-------- MATERIAL FOR THE TASK
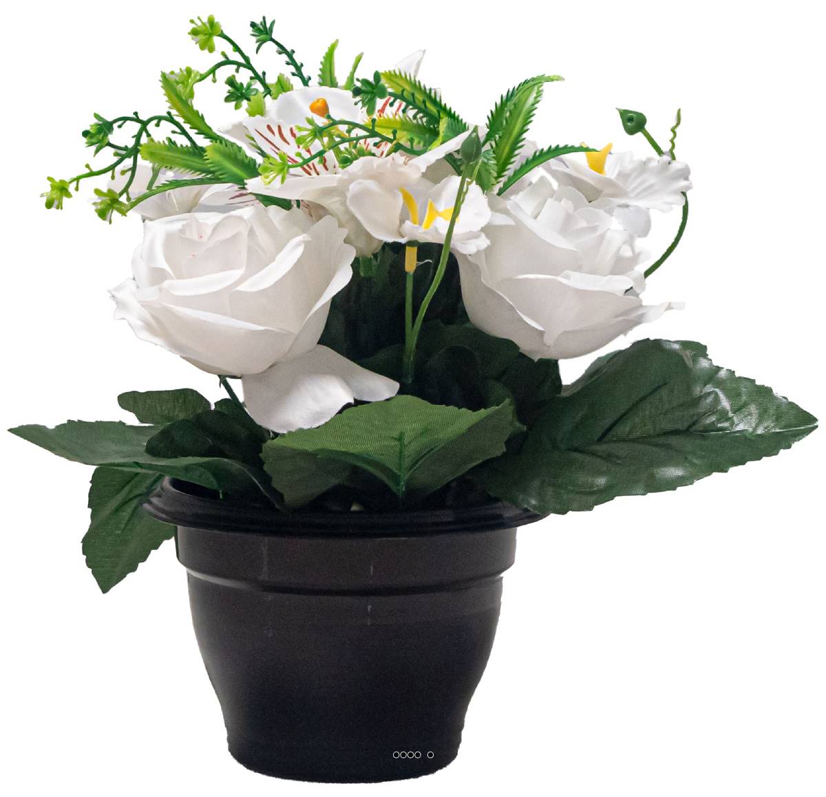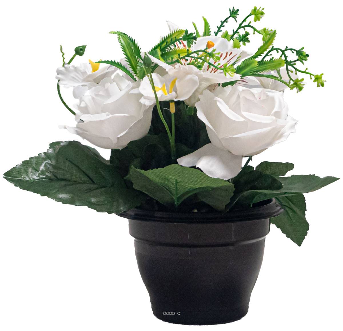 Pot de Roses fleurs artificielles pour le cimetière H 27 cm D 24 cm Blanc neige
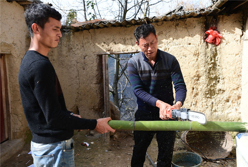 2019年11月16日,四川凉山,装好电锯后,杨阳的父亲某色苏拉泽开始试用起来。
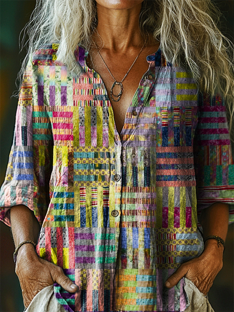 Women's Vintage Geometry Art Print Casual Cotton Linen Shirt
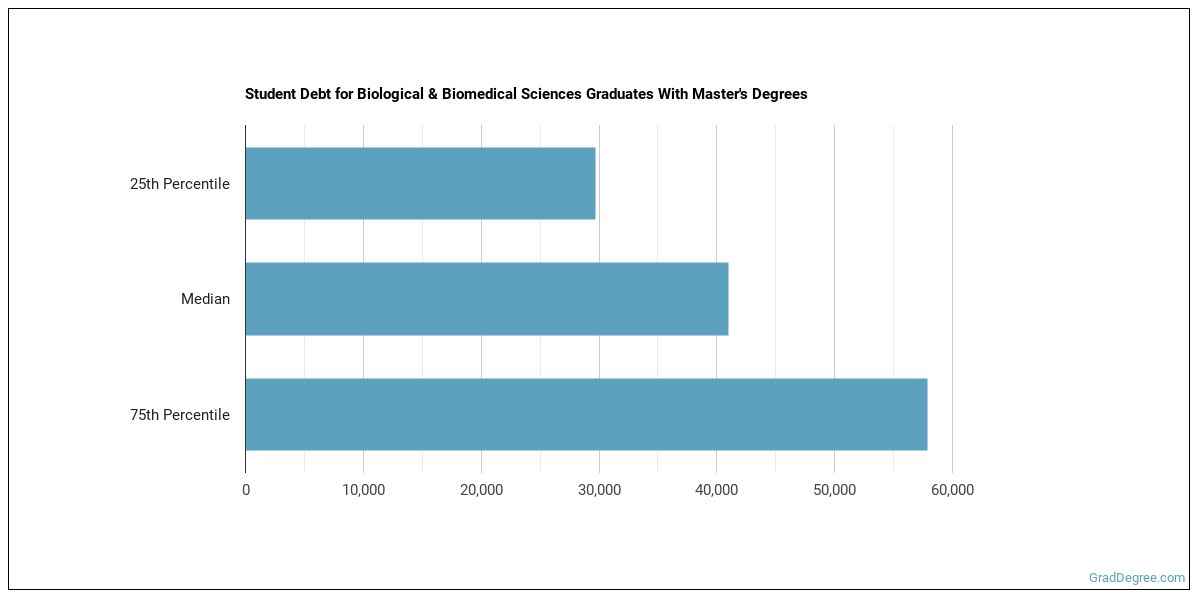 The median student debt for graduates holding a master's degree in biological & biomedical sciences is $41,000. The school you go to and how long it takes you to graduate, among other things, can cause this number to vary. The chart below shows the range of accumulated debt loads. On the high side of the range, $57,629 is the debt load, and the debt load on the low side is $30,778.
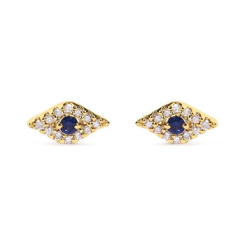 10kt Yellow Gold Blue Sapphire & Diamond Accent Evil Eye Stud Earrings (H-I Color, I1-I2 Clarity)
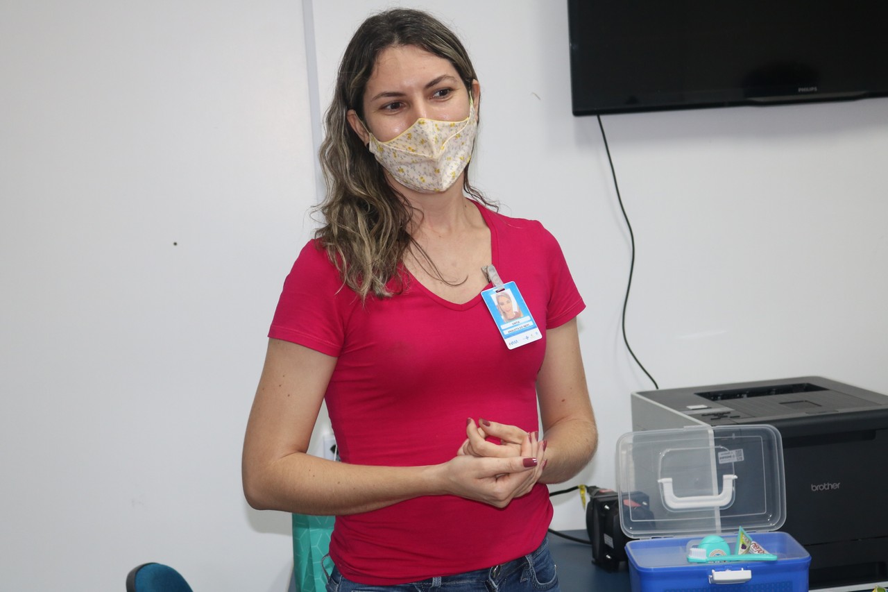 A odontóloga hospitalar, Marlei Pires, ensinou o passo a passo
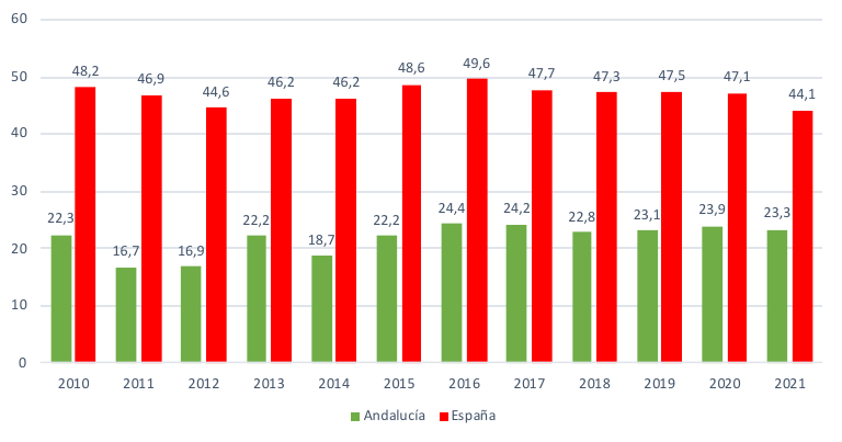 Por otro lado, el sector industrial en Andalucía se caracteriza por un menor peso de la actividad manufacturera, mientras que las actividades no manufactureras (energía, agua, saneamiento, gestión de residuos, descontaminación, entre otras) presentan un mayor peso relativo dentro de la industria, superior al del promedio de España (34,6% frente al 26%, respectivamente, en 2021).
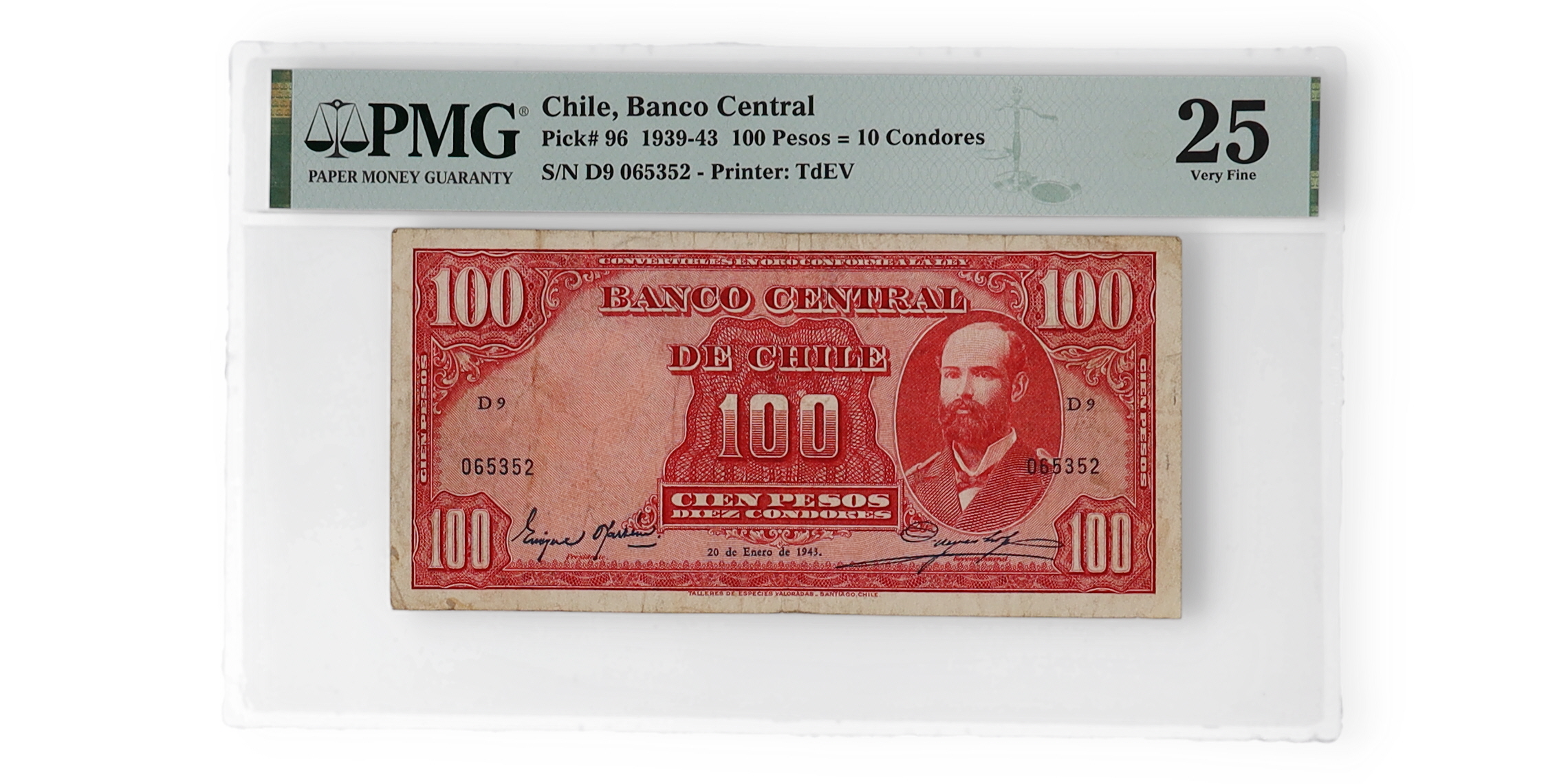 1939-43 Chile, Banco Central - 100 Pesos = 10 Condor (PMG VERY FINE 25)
----------------
* [WORK TO COMPLETE] What you return should match the records above word for word, minus the pictures.

* [RESPONSE AREA]
 Pot de Roses fleurs artificielles pour le cimetière H 27 cm D 24 cm Blanc neige
 2019年11月16日,四川凉山,装好电锯后,杨阳的父亲某色苏拉泽开始试用起来。
 Women's Vintage Geometry Art Print Casual Cotton Linen Shirt
 The median student debt for graduates holding a master's degree in biological & biomedical sciences is $41,000. The school you go to and how long it takes you to graduate, among other things, can cause this number to vary. The chart below shows the range of accumulated debt loads. On the high side of the range, $57,629 is the debt load, and the debt load on the low side is $30,778.
 10kt Yellow Gold Blue Sapphire & Diamond Accent Evil Eye Stud Earrings (H-I Color, I1-I2 Clarity)
 A odontóloga hospitalar, Marlei Pires, ensinou o passo a passo
 Por otro lado, el sector industrial en Andalucía se caracteriza por un menor peso de la actividad manufacturera, mientras que las actividades no manufactureras (energía, agua, saneamiento, gestión de residuos, descontaminación, entre otras) presentan un mayor peso relativo dentro de la industria, superior al del promedio de España (34,6% frente al 26%, respectivamente, en 2021).
 1939-43 Chile, Banco Central - 100 Pesos = 10 Condor (PMG VERY FINE 25)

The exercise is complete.